[PATCH] Fix fake numa on ppc

Wed Sep 2 15:58:41 EST 2009

On Wed, 2 Sep 2009, Ankita Garg wrote:

> > > With the patch,
> > > 
> > > # cat /proc/cmdline
> > > root=/dev/sda6  numa=fake=2G,4G,,6G,8G,10G,12G,14G,16G
> > > # cat /sys/devices/system/node/node0/cpulist
> > > 0-3
> > > # cat /sys/devices/system/node/node1/cpulist
> > > 
> > 
> > Oh! interesting.. cpuless nodes :) I think we need to fix this in the
> > longer run and distribute cpus between fake numa nodes of a real node
> > using some acceptable heuristic.
> >
> 
> True. Presently this is broken on both x86 and ppc systems. It would be
> interesting to find a way to map, for example, 4 cpus to >4 number of
> fake nodes created from a single real numa node!
>  

We've done it for years on x86_64.  It's quite trivial to map all fake 
nodes within a physical node to the cpus to which they have affinity both 
via node_to_cpumask_map() and cpu_to_node_map().  There should be no 
kernel space dependencies on a cpu appearing in only a single node's 
cpumask and if you map each fake node to its physical node's pxm, you can 
index into the slit and generate local NUMA distances amongst fake nodes.

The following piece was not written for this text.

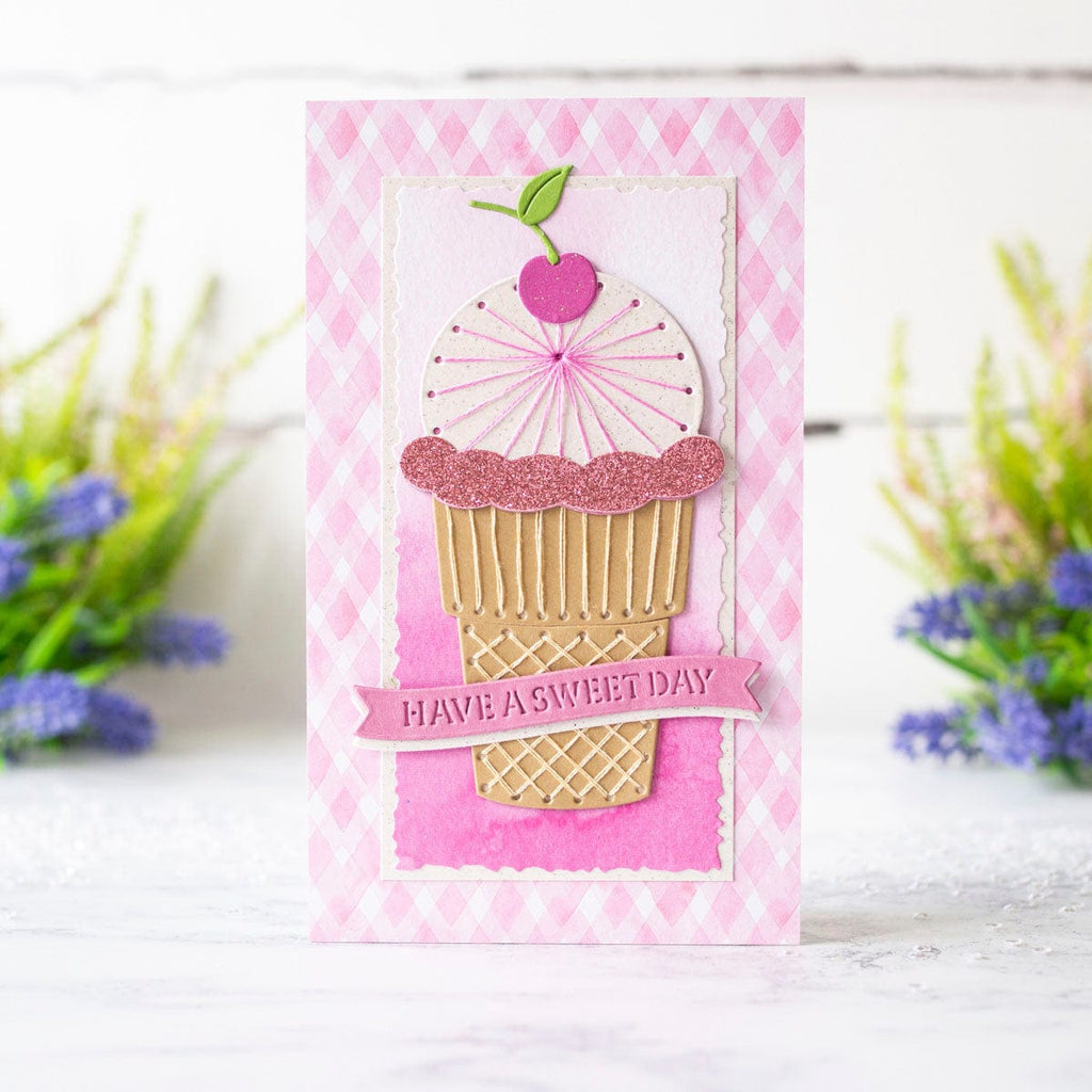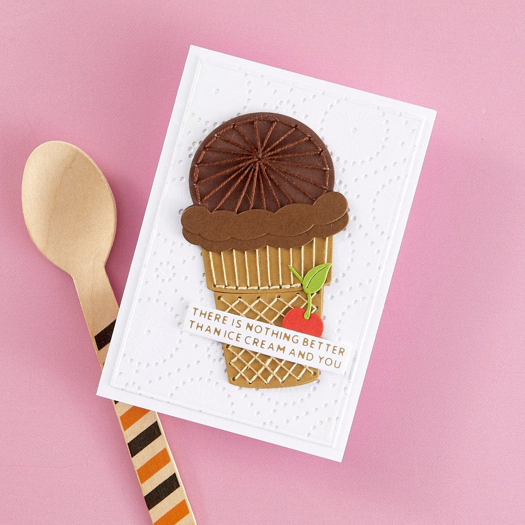 Stitched Ice Cream - Stitching Die of the Month Die this 12-piece die set released June 2024 to our Stitching Die of the Month Club creates a cute stitched ice cream cone. Use to create cards, décor, gift card holder, gifts, and more! Add stitching to have even more textures in crafts.

So if you map the apicids and pxms appropriately depending on the 
physical topology of the machine, that is the only emulation necessary on 
x86_64 for the page allocator zonelist ordering, task migration, etc.  (If 
you use CONFIG_SLAB, you'll need to avoid the exponential growth of alien 
caches, but that's an implementation detail and isn't really within the 
scope of numa=fake's purpose to modify.)